Assignment
Print, word for word, every line from the beginning of the listing up to and including the line with "New Home Family". Pictures are to be excluded.

Stored data

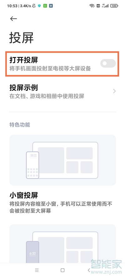 3、将【打开投屏】后面的开关开启,点击要投屏的电视名称,等待成功连接即可。
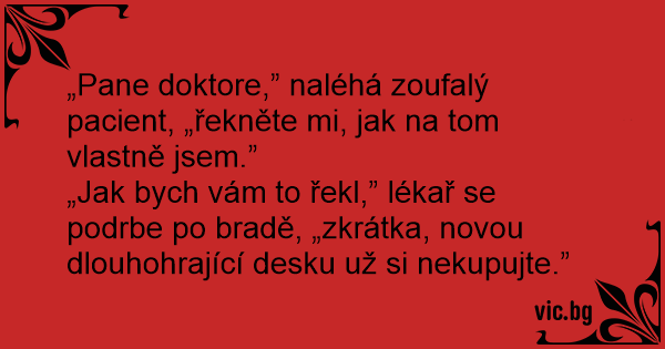 „Pane doktore,” naléhá zoufalý pacient, „řekněte mi, jak na tom vlastně jsem.”
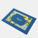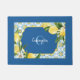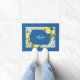 New Home Family Name and Monogram Doormat. Mediterranean blue and yellow background.
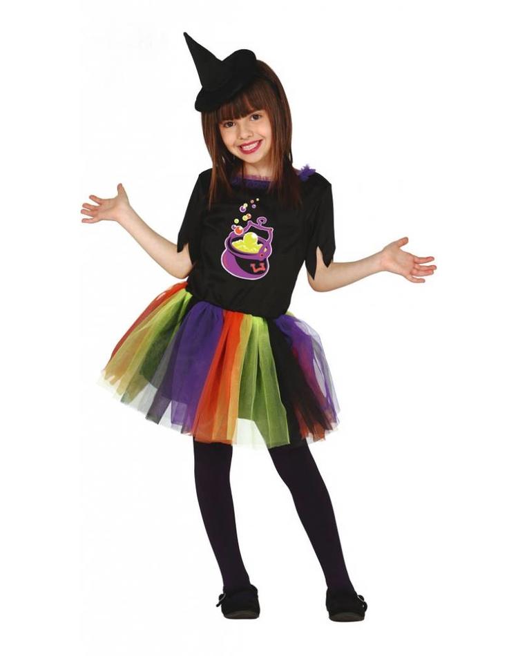 Gute Laune ist mit diesem herrlich bunten Kostüm Hexe für Kind vorprogrammiert. Ob als Hexe oder Zauberin – der lustig blubbernde Kessel auf dem feschen Oberteil entzückt Groß und Klein. Wie es sich für echte Hexen gehört, hat dieses Kostüm Hexe für Kinder lustige Zipfel am Ärmel und einen schönen Kragen in lila Tüll. Das absolute Highlight ist jedoch der Rock aus vielen bunten Tüllteilen, die zu einem wundervollen Regenbogen aufwändig zusammengenäht wurden. Als Sichtschutz befindet sich unter dem Tüllröckchen noch ein schwarzer, etwas kürzerer, blickdichter Unterrock. Jetzt fehlt unserer Zauberhexe nur noch ein Hut und die Party kann beginnen. Der kleine Spitzhut passt gut auf jeden hübschen Mädchenkopf und lässt noch ausreichend Platz für wilde Frisurkreationen oder wer mag auch Farben. So schön wie der Rock wird aber höchstens noch die kleine Hexe selbst strahlen!
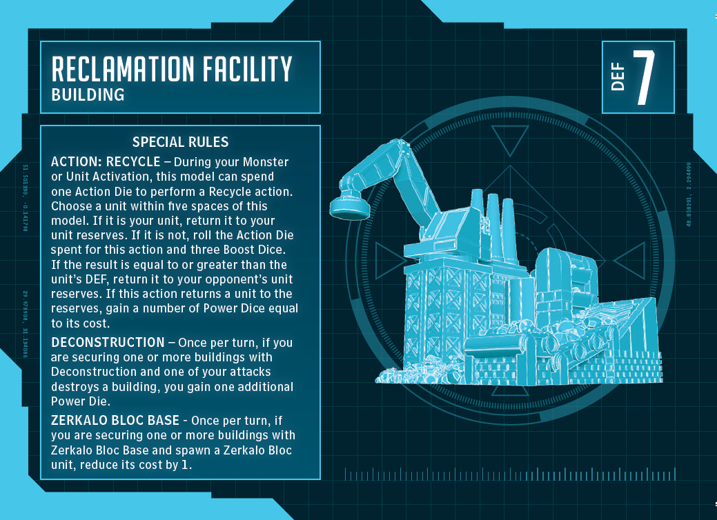 To wrap up this Insider, let’s take a look at the Zerkalo Bloc base. This was the one place in the Faction where I wanted to diverge a bit from the military theme and lean into the practicality I saw in the Faction. Being as far from home as they are, I imagined they would try to establish bases to get the most out of the territory they had conquered. I also wanted to do something we hadn’t touched on in Monsterpocalypse yet, so I gave them a Reclamation Facility. We have a building that gives you extra Power Dice for destroying enemy units but not one for smashing buildings…until now. Deconstruction means you’ll always get a bit more out of attacks against buildings and forces with rules like Demolisher. After adding that much needed utility power, I also wanted to get a little aggressive with the building. The Rocket Gantry was the first building with a pseudo-attack. This building has a much more direct “attack-like” rule. The Recycle action lets you turn units into Power Dice, and if you want to use it against an enemy unit, you roll dice to see if the unit will hold still so the big magnet can grab it.
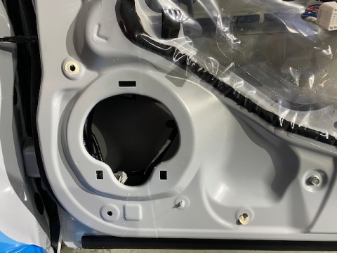 ホンダ車はスピーカーホールがもともと小さいため、鉄板をカットして拡張する必要があります。
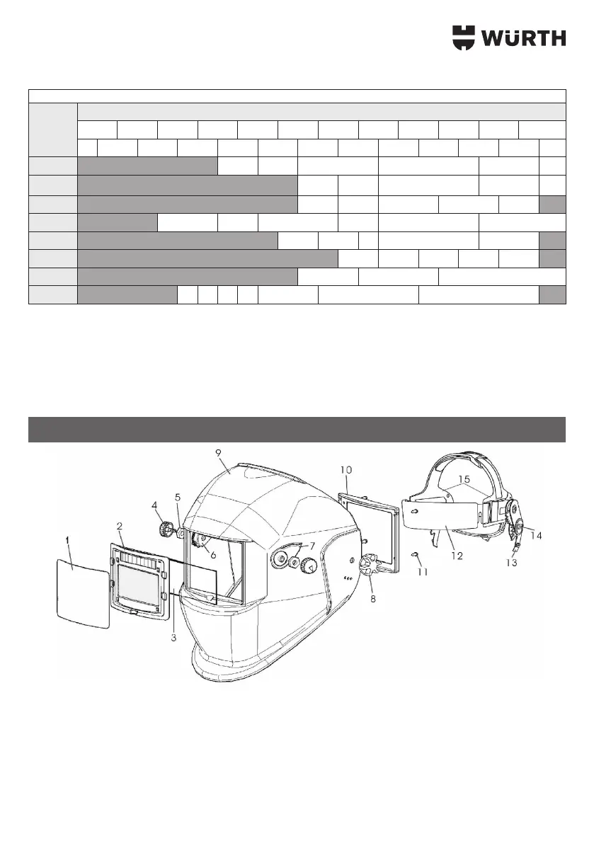 Таблица 1. Степень затемнения
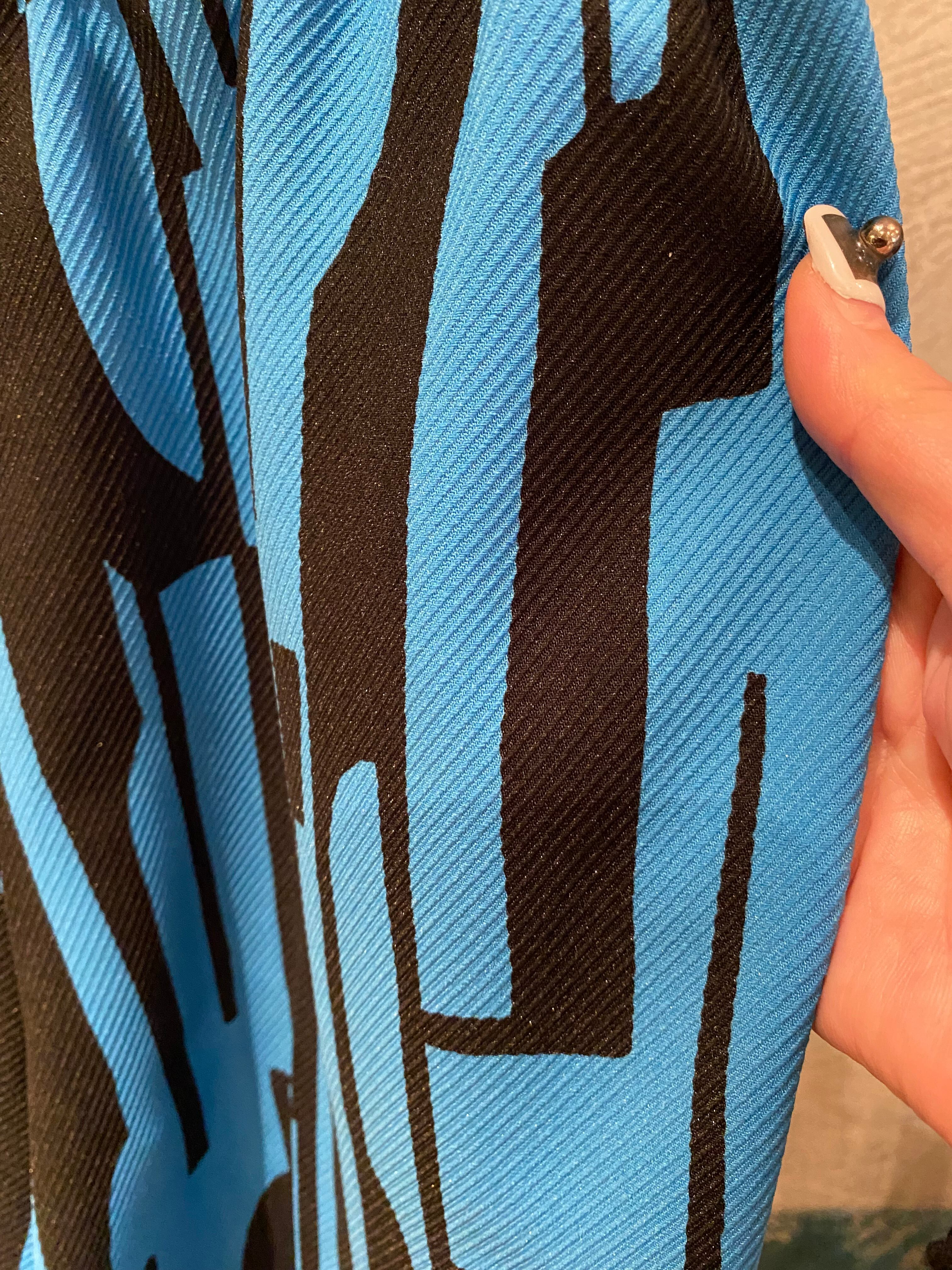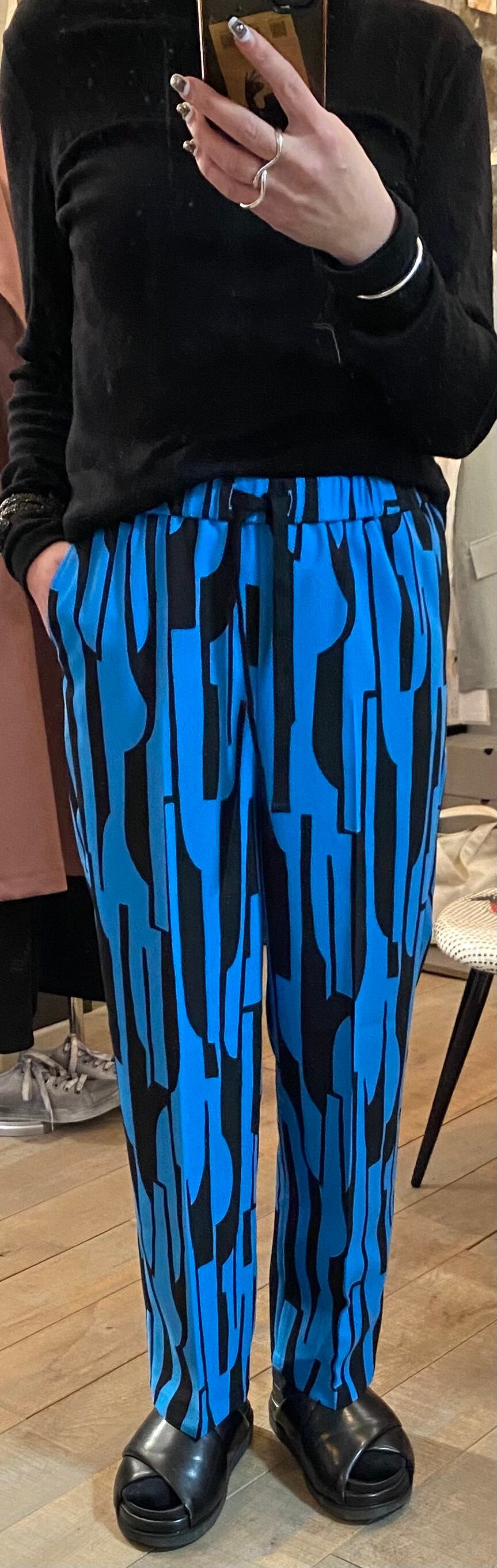 大胆な幾何学プリントが印象的なパンツ。ゆゆとりのあるストレートシルエットで、脚のラインを拾いにくく程よいリラックス感のあるパンツ。程よい肉感の素材で綾目がはっきり出ているので、素材に立体感があります。ナチュラルストレッチで履き心地も良く、シーズンレスで着用可能。スタイリングのポイントに♪
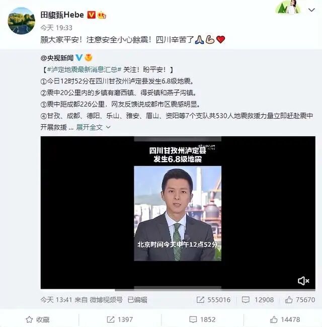 9月5日晚,知名女歌手田馥甄通过微博转评了央视新闻报道,发文祝愿四川能够平安,提醒大家要注意安全小心余震,引起了很多人的关注。而就在上个月,她因在海外社交平台上发表不当言论,遭到了全网的炮轰和抵制。
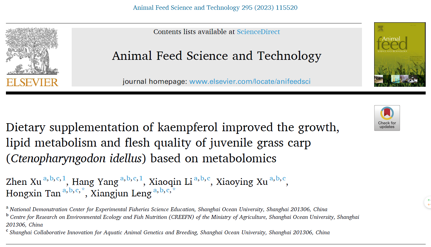 近日,上海腾拔Universal TA研究型质构仪助力上海海洋大学水产科学guojiaji实验教学示范中心研究人员在农林科学领域国际期刊《Animal Feed Science and Technology》(QI IF=3.313)发表了题为"Dietary supplementation of kaempferol improved the growth, lipid metabolism and flesh quality of juvenile grass carp (Ctenopharyngodon idellus) based on metabolomics"的研究论文。
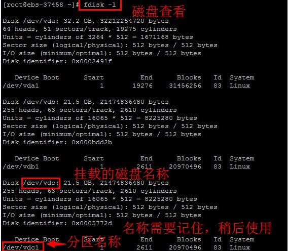 注意:掛載出來的磁盤分區(qū)一般默認(rèn)都是/dev/vdc1,在輸入mount掛載時以實(shí)際看到的分區(qū)名稱為準(zhǔn)。
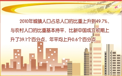 新中国成立以前,我国城镇化水平很低。1949年城镇人口占总人口的比重仅为10.6%。第六次全国人口普查数据显示,2010年城镇人口占总人口的比重上升到49.7%,与农村人口的比重基本持平,比新中国成立初期上升了39.1个百分点,年平均上升0.6个百分点。新农村建设稳步推进,城乡经济社会发展一体化的新格局正在逐步形成。
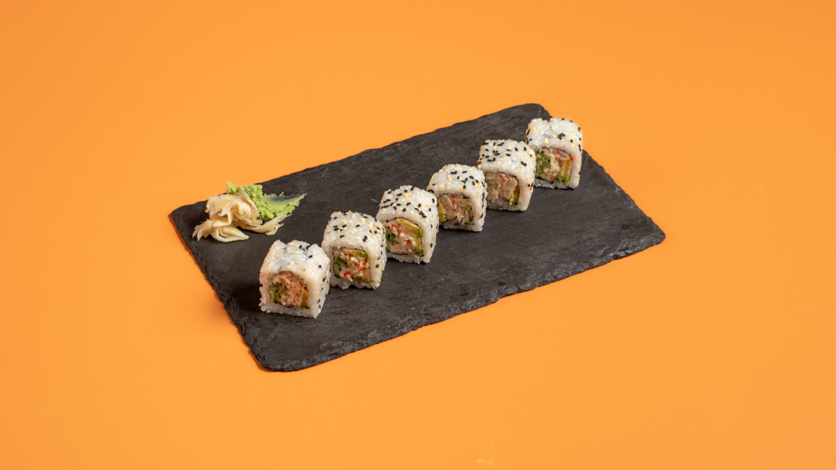 Rolls with crab and mayo, avocado, cucumber, white and black
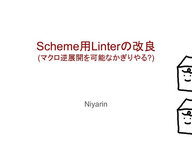 Scheme用Linterの改良 (マクロ逆展開を可能なかぎりやる?) Niyarin

Result for this task
 3、将【打开投屏】后面的开关开启,点击要投屏的电视名称,等待成功连接即可。
 „Pane doktore,” naléhá zoufalý pacient, „řekněte mi, jak na tom vlastně jsem.”
 New Home Family Name and Monogram Doormat. Mediterranean blue and yellow background.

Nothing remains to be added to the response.